Input data

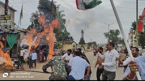 नारायणपुर |यूथ कांग्रेस के कार्यकर्त्ताओ पर लाठी चार्ज कर 150 से अधिक कांग्रेस कार्यकर्त्ता और जनप्रतिनिधि सभापति पर एफआईआर करने के विरोध मे आज नारायणपुर ब्लॉक शहर कांग्रेस कमेटी ने तहसील ऑफिस के सामने प्रदेश के मुख्यमंत्री विष्णुदेव साय, और गृहमंत्री विजय शर्मा का पुतला दहन किया, ज्ञात हो की पूर्व मुख्यमंत्री भूपेश बघेल के काफिले को भिलाई सिरसा गेट के पास बजरंगदल के कार्यकर्त्ताओ के द्वारा रोक कर सुरक्षा कर्मियों के साथ अभद्रता किया गया था|
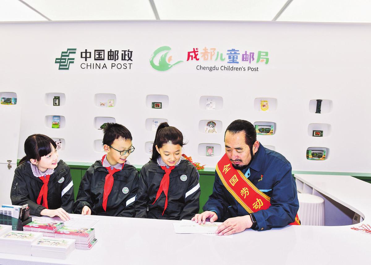 10月25日,全國首家兒童郵局——成都兒童郵局在成都市草堂小學正式啟用。該郵局由成都市郵政分公司、成都市青羊區委社會工作部、青羊區總工會、青羊區婦女聯合會、青羊區教育局共同創辦。郵局內打造了勞動教育博物館、郵政文化博物館、家書家風博物館,旨在通過郵局大力弘揚勞模精神、勞動精神、工匠精神。成都兒童郵局將發揮郵政特色功能,發布“民聲”專用郵簡、“童聲”專用明信片,暢通市民意見收集的渠道。當天,成都兒童郵局向時代楷模、全國勞動模范、四川省甘孜縣郵政分公司長途郵車駕駛員其美多吉頒發了“名譽局長”工牌。
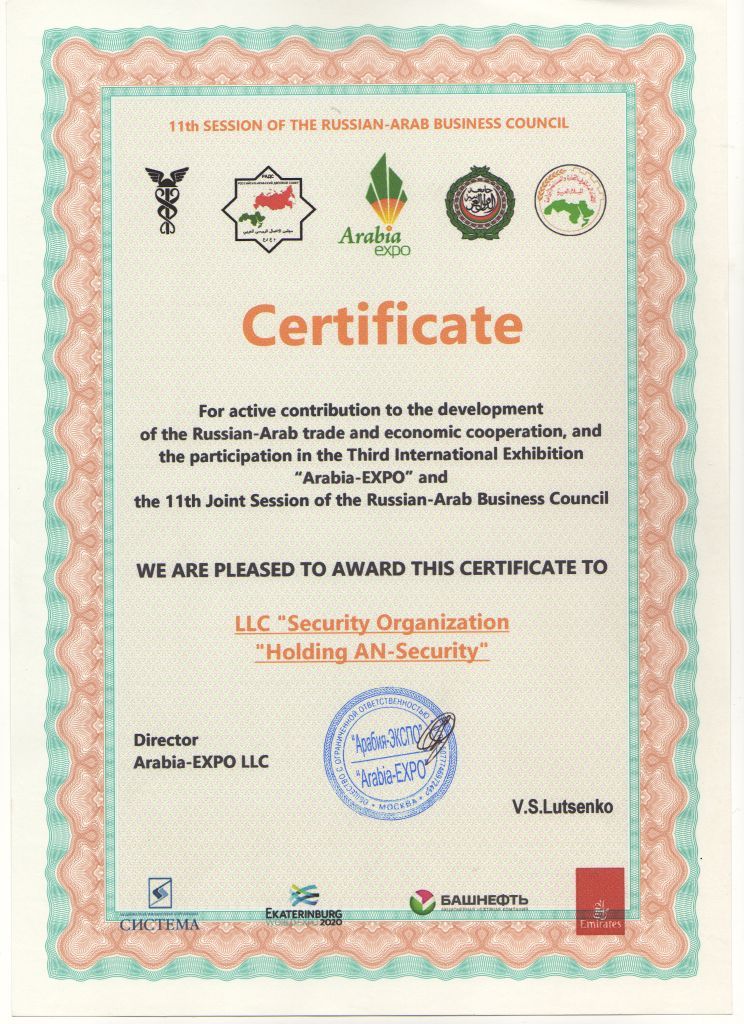новости2013-06-01 :: Холдинг "АН-Секьюрити" принял участие в выставке «Арабия-ЭКСПО» С 30 мая по 1 июня 2013г. в Санкт-Петербурге (ВК «Ленэкспо») при поддержке МИД РФ, Минэкономразвития и Минэнерго России, под эгидой ТПП РФ и Генерального союза палат торговли, промышленности и сельского хозяйства арабских стран состоялась Третья международная выставка «Арабия-ЭКСПО» и Одиннадцатая Сессия Российско-Арабского Делового Совета. Данное мероприятие проводилось с акцентом на межрегиональное сотрудничество и было призвано стать серьезной платформой для прямого общения российского и арабского бизнеса. Холдинг "АН-Секьюрити" принял активное участие в выставке и был отмечен сертификатом за активный вклад в развитие Российско-арабского сотрудничества.
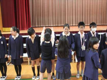 1年生が作ったメダルが卒業生にプレゼントされました。くだもの班や学校行事でいろいろお世話になった6年生のお兄さんお姉さんともお別れです。
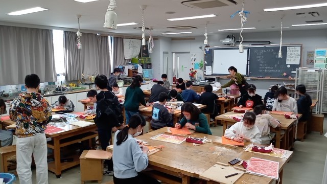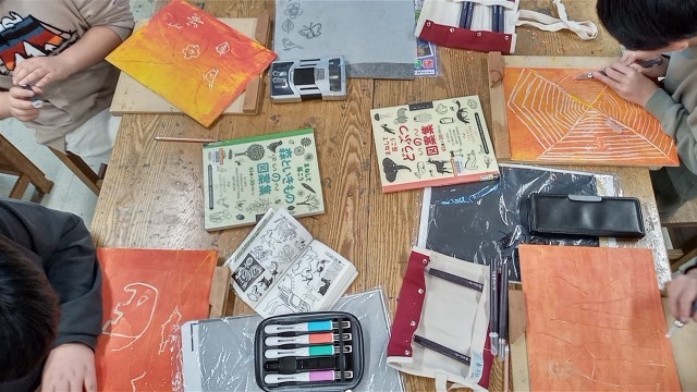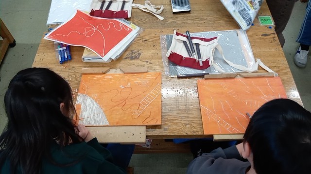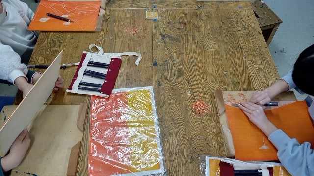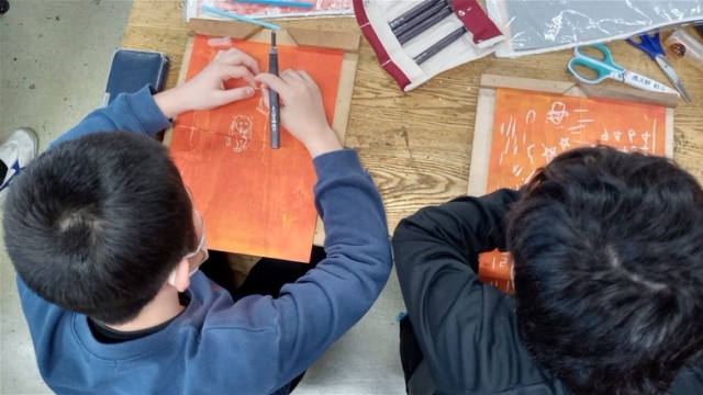 5年生が彫刻刀で版画を彫っています。手を切らないように両手を使って、削っています。
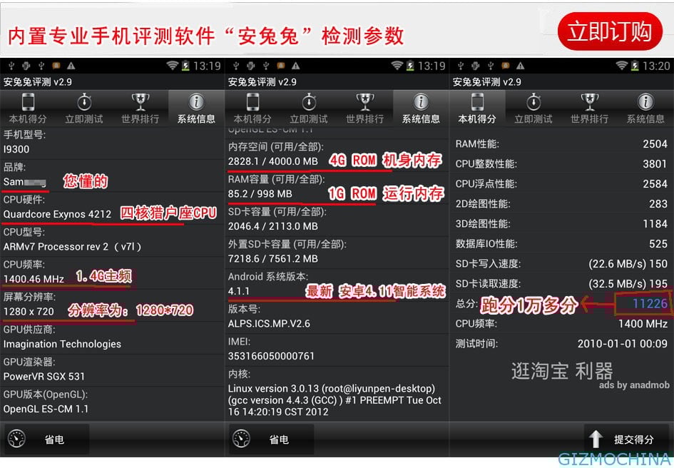 The S9 comes with different memory sizes, 8gb, 16gb as well as 32gb. It is boosting a Quad-Core Exynos 4212 Cpu with cortex ArmV7 with a clocked speed of 1.4ghz
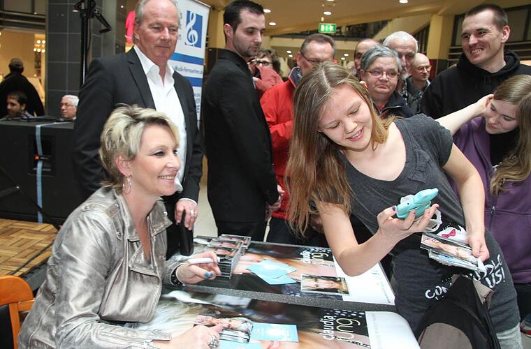 Hunderte Fans und Neugierige kamen am Wochenende ins Einkaufszentrum "Fritz", um den Schlagerstar Claudia Jung hautnah zu erleben. Die beliebte Sängerin stellte ihre neue CD "Seitensprünge" vor und freute sich über den "Mega-Andrang".
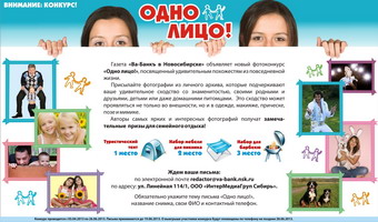 С 3 апреля на страницах газеты «Ва-Банкъ в Новосибирске» стартовал необычный фотоконкурс «Одно лицо!», посвященный удивительным похожестям из повседневной жизни. На протяжении трех месяцев редакция еженедельника будет принимать фотографии из личного архива читателей, которые подчеркивают их сходство со знаменитостями, родными, друзьями и даже домашними питомцами. Победители получат замечательные призы для семейного отдыха.
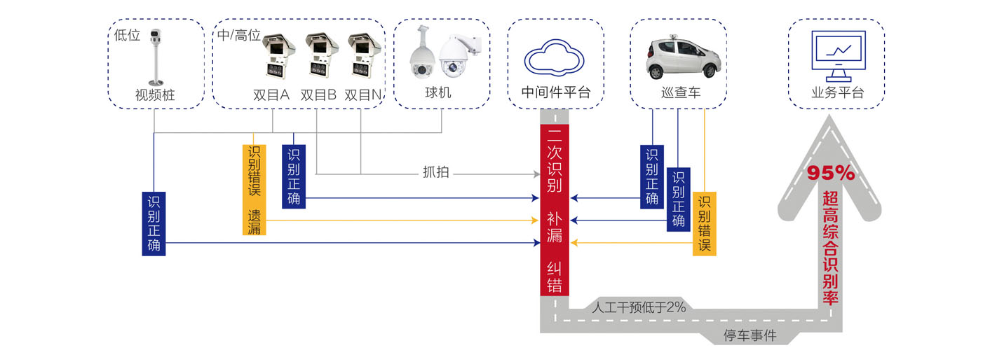 向下統(tǒng)一管理多種類多數(shù)量的視頻識別設(shè)備,向上使用簡單方便的接口協(xié)議對業(yè)務(wù)平臺推送準(zhǔn)確可靠的停車數(shù)據(jù),更可拓展二次識別功能,對視頻識別設(shè)備返回的數(shù)據(jù)進(jìn)行再次識別,95%超級綜合識別率遙遙領(lǐng)先。
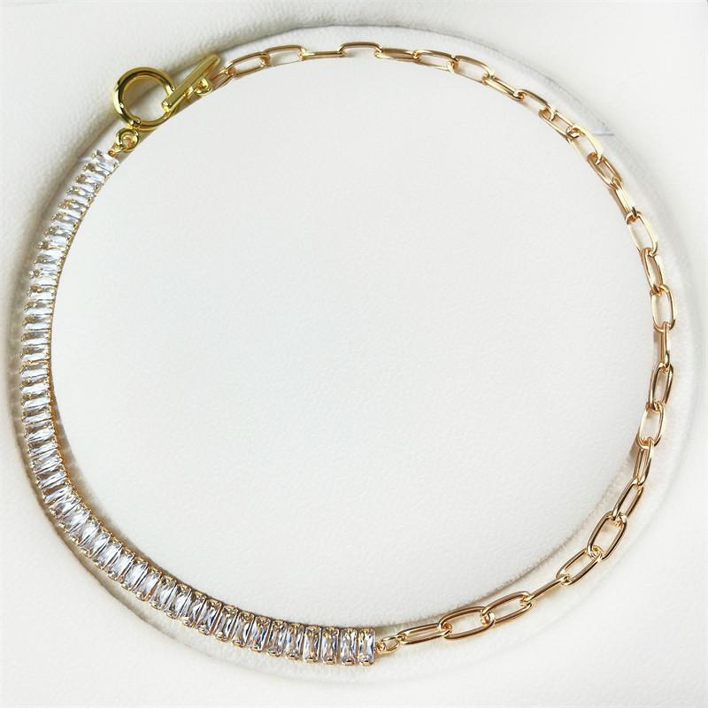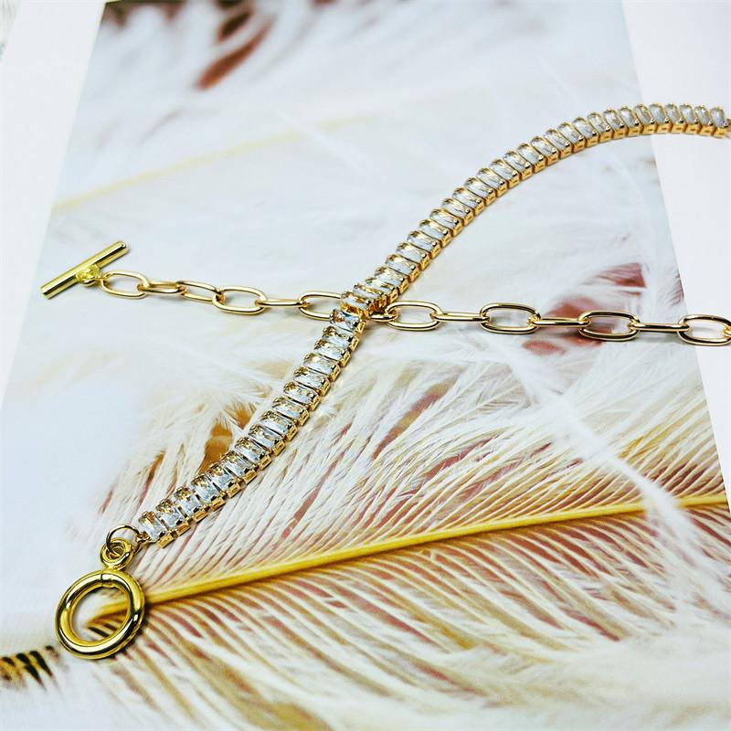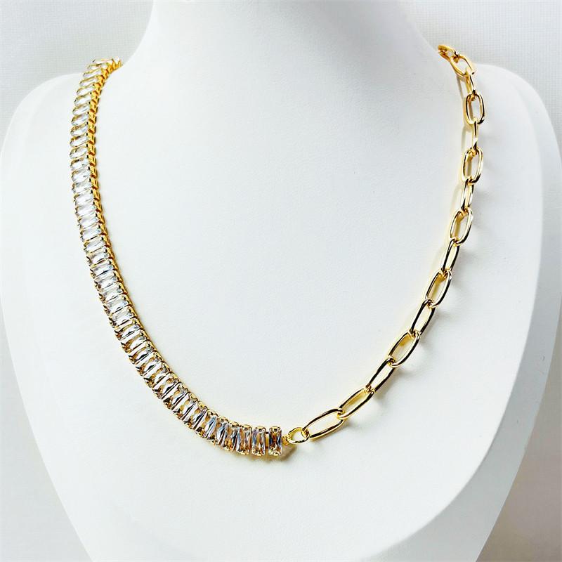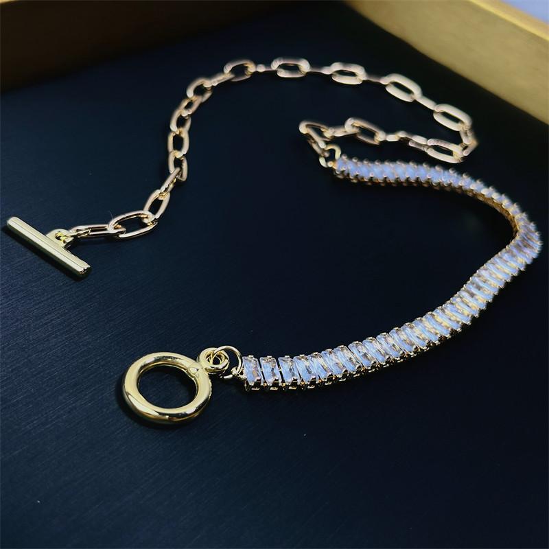 Material/Material: aleación de zinc + circón Color/color:oro Tamaño/Longitud del tamaño: longitud de la cadena 43cm Peso/peso: aproximadamente 19 g Embalaje/paquete: bolsa opp transparente, embalaje independiente.
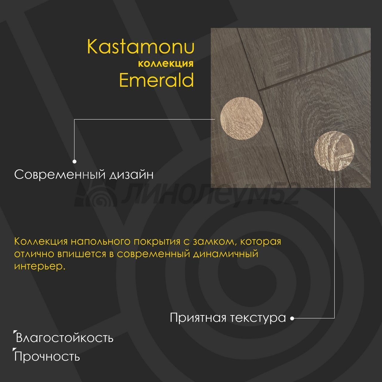 | Дополнительные свойства: | Влагостойкий / Реалистичное тиснение |

Exercise brief
Go through the listing above and retype it exactly, skipping every picture.

Exercise response
 नारायणपुर |यूथ कांग्रेस के कार्यकर्त्ताओ पर लाठी चार्ज कर 150 से अधिक कांग्रेस कार्यकर्त्ता और जनप्रतिनिधि सभापति पर एफआईआर करने के विरोध मे आज नारायणपुर ब्लॉक शहर कांग्रेस कमेटी ने तहसील ऑफिस के सामने प्रदेश के मुख्यमंत्री विष्णुदेव साय, और गृहमंत्री विजय शर्मा का पुतला दहन किया, ज्ञात हो की पूर्व मुख्यमंत्री भूपेश बघेल के काफिले को भिलाई सिरसा गेट के पास बजरंगदल के कार्यकर्त्ताओ के द्वारा रोक कर सुरक्षा कर्मियों के साथ अभद्रता किया गया था|
 10月25日,全國首家兒童郵局——成都兒童郵局在成都市草堂小學正式啟用。該郵局由成都市郵政分公司、成都市青羊區委社會工作部、青羊區總工會、青羊區婦女聯合會、青羊區教育局共同創辦。郵局內打造了勞動教育博物館、郵政文化博物館、家書家風博物館,旨在通過郵局大力弘揚勞模精神、勞動精神、工匠精神。成都兒童郵局將發揮郵政特色功能,發布“民聲”專用郵簡、“童聲”專用明信片,暢通市民意見收集的渠道。當天,成都兒童郵局向時代楷模、全國勞動模范、四川省甘孜縣郵政分公司長途郵車駕駛員其美多吉頒發了“名譽局長”工牌。
новости2013-06-01 :: Холдинг "АН-Секьюрити" принял участие в выставке «Арабия-ЭКСПО» С 30 мая по 1 июня 2013г. в Санкт-Петербурге (ВК «Ленэкспо») при поддержке МИД РФ, Минэкономразвития и Минэнерго России, под эгидой ТПП РФ и Генерального союза палат торговли, промышленности и сельского хозяйства арабских стран состоялась Третья международная выставка «Арабия-ЭКСПО» и Одиннадцатая Сессия Российско-Арабского Делового Совета. Данное мероприятие проводилось с акцентом на межрегиональное сотрудничество и было призвано стать серьезной платформой для прямого общения российского и арабского бизнеса. Холдинг "АН-Секьюрити" принял активное участие в выставке и был отмечен сертификатом за активный вклад в развитие Российско-арабского сотрудничества.
 1年生が作ったメダルが卒業生にプレゼントされました。くだもの班や学校行事でいろいろお世話になった6年生のお兄さんお姉さんともお別れです。
 5年生が彫刻刀で版画を彫っています。手を切らないように両手を使って、削っています。
 The S9 comes with different memory sizes, 8gb, 16gb as well as 32gb. It is boosting a Quad-Core Exynos 4212 Cpu with cortex ArmV7 with a clocked speed of 1.4ghz
 Hunderte Fans und Neugierige kamen am Wochenende ins Einkaufszentrum "Fritz", um den Schlagerstar Claudia Jung hautnah zu erleben. Die beliebte Sängerin stellte ihre neue CD "Seitensprünge" vor und freute sich über den "Mega-Andrang".
 С 3 апреля на страницах газеты «Ва-Банкъ в Новосибирске» стартовал необычный фотоконкурс «Одно лицо!», посвященный удивительным похожестям из повседневной жизни. На протяжении трех месяцев редакция еженедельника будет принимать фотографии из личного архива читателей, которые подчеркивают их сходство со знаменитостями, родными, друзьями и даже домашними питомцами. Победители получат замечательные призы для семейного отдыха.
 向下統(tǒng)一管理多種類多數(shù)量的視頻識別設(shè)備,向上使用簡單方便的接口協(xié)議對業(yè)務(wù)平臺推送準(zhǔn)確可靠的停車數(shù)據(jù),更可拓展二次識別功能,對視頻識別設(shè)備返回的數(shù)據(jù)進(jìn)行再次識別,95%超級綜合識別率遙遙領(lǐng)先。
 Material/Material: aleación de zinc + circón Color/color:oro Tamaño/Longitud del tamaño: longitud de la cadena 43cm Peso/peso: aproximadamente 19 g Embalaje/paquete: bolsa opp transparente, embalaje independiente.
 | Дополнительные свойства: | Влагостойкий / Реалистичное тиснение |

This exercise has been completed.